**Exercise brief**
The answer is all of the entries below, repeated exactly and free of pictures.

*** Opening Task data ***

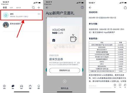 【蔚来新用户抽免费实物盲盒】没参与过的上!注册登录“蔚来”APP->底部“朋友”进入“通知”抽盲盒,只有抽中免费实物或饮品券才有用
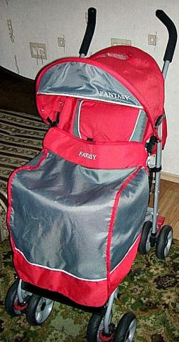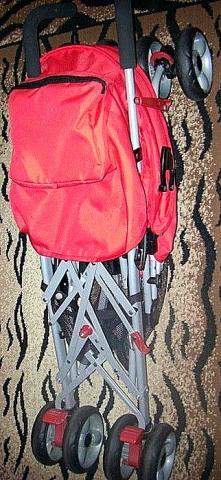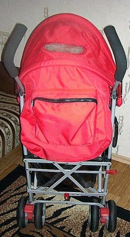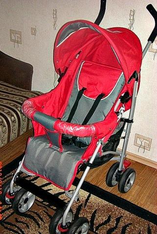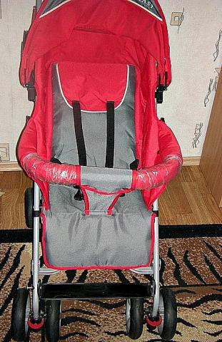 Dėl kainos dar galima derėtis Vežimėlis naudotas, bet jo būklė labai gera, raudonas, su atšvaitais. Prie vežimėlio yra apklotėlis kojoms uždengti. Apačioje yra tinkliukas įsidėti daiktams. Turi saugos diržiukus, sulankstomas. Stogelio užpakalinėje pusėje yra didelė kišenėlė, o viršuje langelis. Vežimėlis sveria ~ 12 kg.
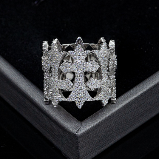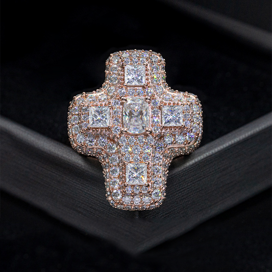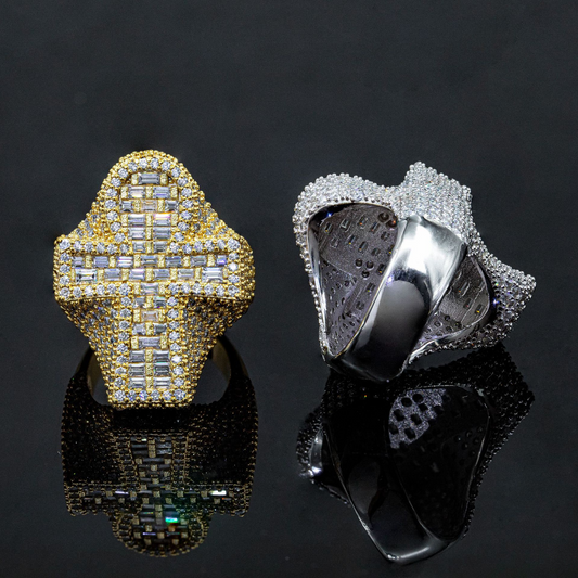 Bubble Letter Silver Moissanite VVS Baguette Flower Cross Ring for Men Hip Hop Jewelry
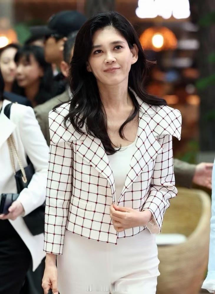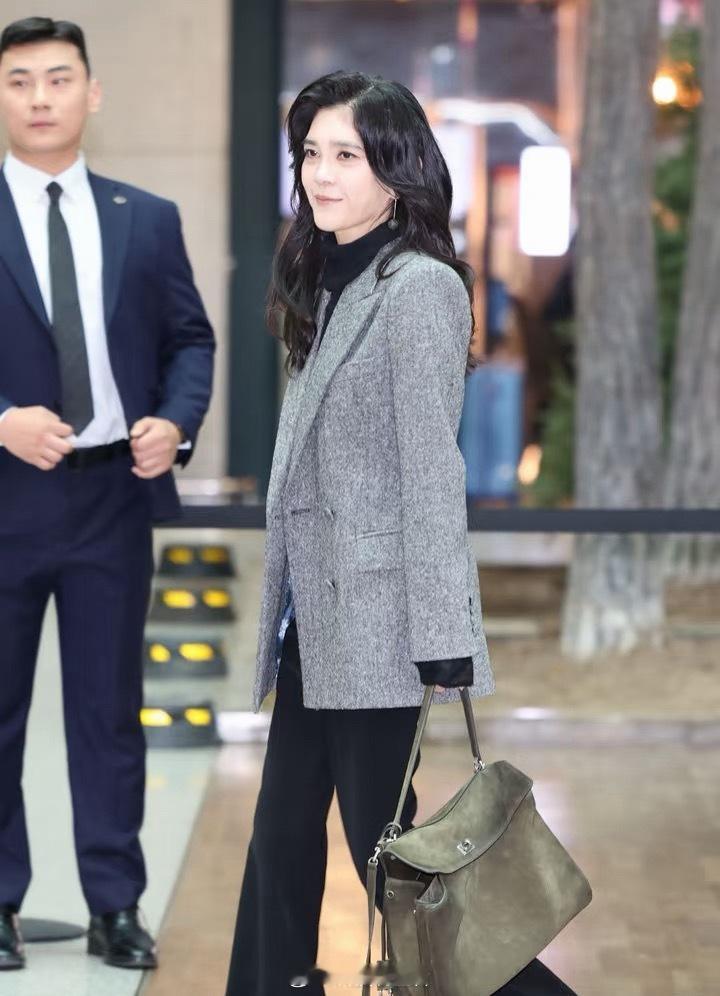 12月17日,三星公主李富真在首尔出席活动,她穿着灰大衣很优雅,但是看到她走路的
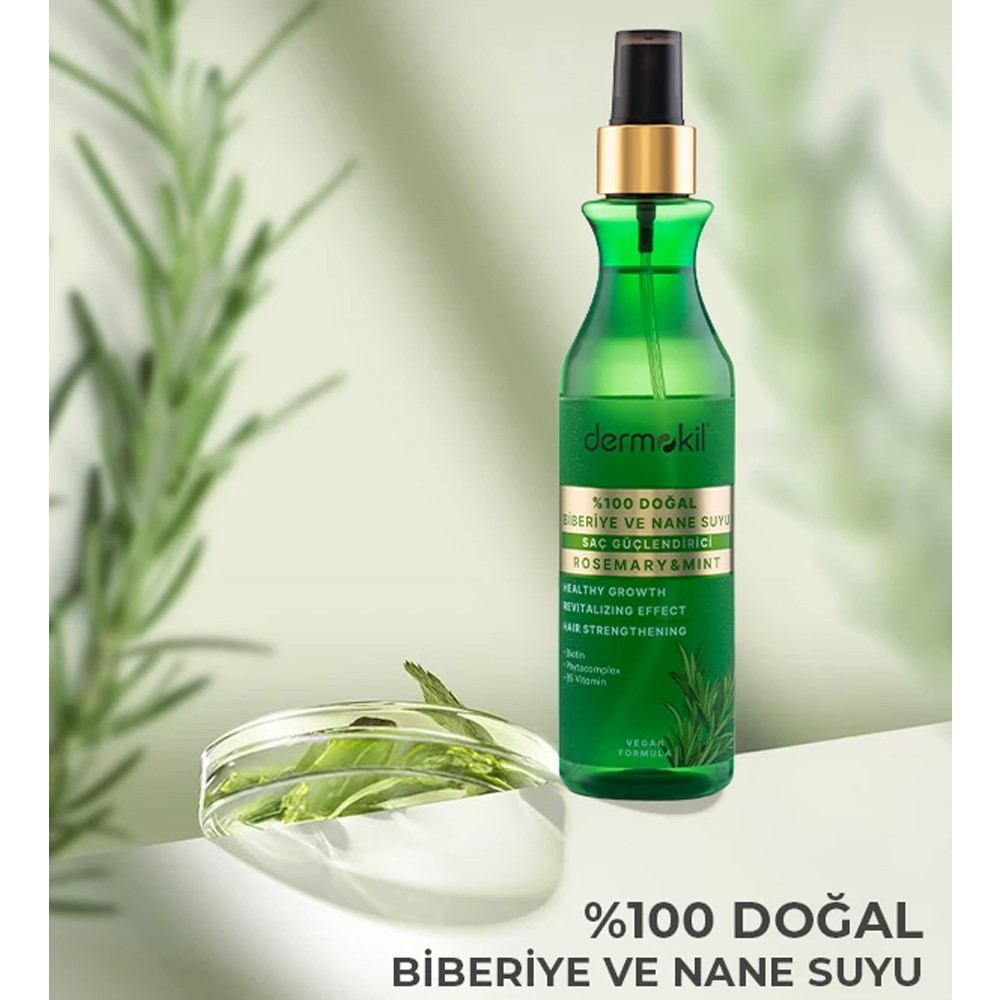 Dermokil % 100 Biberiye ve Nane Suyu; Amino Asit Kompleks, Keratin, Vitamin B5, Kafein, Biotin ve birbirinde farklı bitkisel içerikle zenginleştirilerek geliştirilmiştir. Buhar distilasyonu ile saflaştırılmış organik biberiye suyu ve doğal nane suyu ile saçlarınızı dipten uca bakım yapar. Saçlarınızı besleyerek sağlıklı uzamasına katkı sağlar
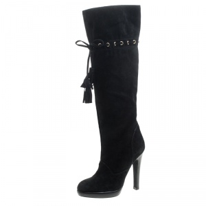 Saint Laurent Black Leather Tribute Knee Length Boots Size 36
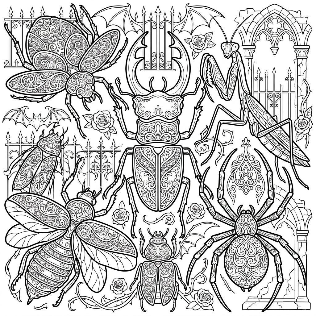 Delve into a world of mysterious beauty with this intricate coloring page, showcasing a collection of insect and arachnid exoskeletons adorned with delicate Gothic patterns. Perfect for colorists who appreciate dark elegance and detailed designs.
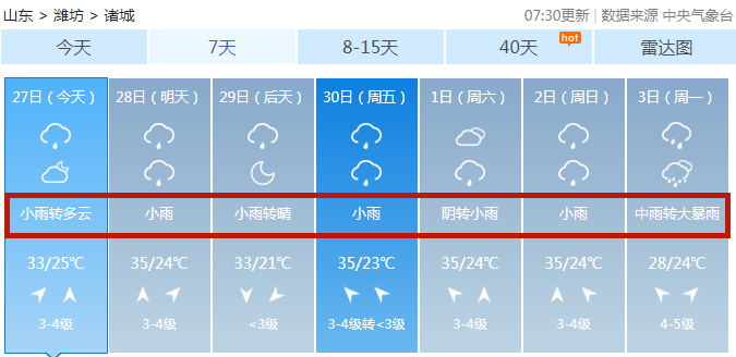 27日夜间到28日白天,天气多云转阴有雷雨或阵雨,南风3~4级,雷雨时阵风8~10级,最低气温24℃,最高气温35℃。

*** Closing Task data ***

**Your response**
 【蔚来新用户抽免费实物盲盒】没参与过的上!注册登录“蔚来”APP->底部“朋友”进入“通知”抽盲盒,只有抽中免费实物或饮品券才有用
 Dėl kainos dar galima derėtis Vežimėlis naudotas, bet jo būklė labai gera, raudonas, su atšvaitais. Prie vežimėlio yra apklotėlis kojoms uždengti. Apačioje yra tinkliukas įsidėti daiktams. Turi saugos diržiukus, sulankstomas. Stogelio užpakalinėje pusėje yra didelė kišenėlė, o viršuje langelis. Vežimėlis sveria ~ 12 kg.
 Bubble Letter Silver Moissanite VVS Baguette Flower Cross Ring for Men Hip Hop Jewelry
 12月17日,三星公主李富真在首尔出席活动,她穿着灰大衣很优雅,但是看到她走路的
 Dermokil % 100 Biberiye ve Nane Suyu; Amino Asit Kompleks, Keratin, Vitamin B5, Kafein, Biotin ve birbirinde farklı bitkisel içerikle zenginleştirilerek geliştirilmiştir. Buhar distilasyonu ile saflaştırılmış organik biberiye suyu ve doğal nane suyu ile saçlarınızı dipten uca bakım yapar. Saçlarınızı besleyerek sağlıklı uzamasına katkı sağlar
 Saint Laurent Black Leather Tribute Knee Length Boots Size 36
 Delve into a world of mysterious beauty with this intricate coloring page, showcasing a collection of insect and arachnid exoskeletons adorned with delicate Gothic patterns. Perfect for colorists who appreciate dark elegance and detailed designs.
 27日夜间到28日白天,天气多云转阴有雷雨或阵雨,南风3~4级,雷雨时阵风8~10级,最低气温24℃,最高气温35℃。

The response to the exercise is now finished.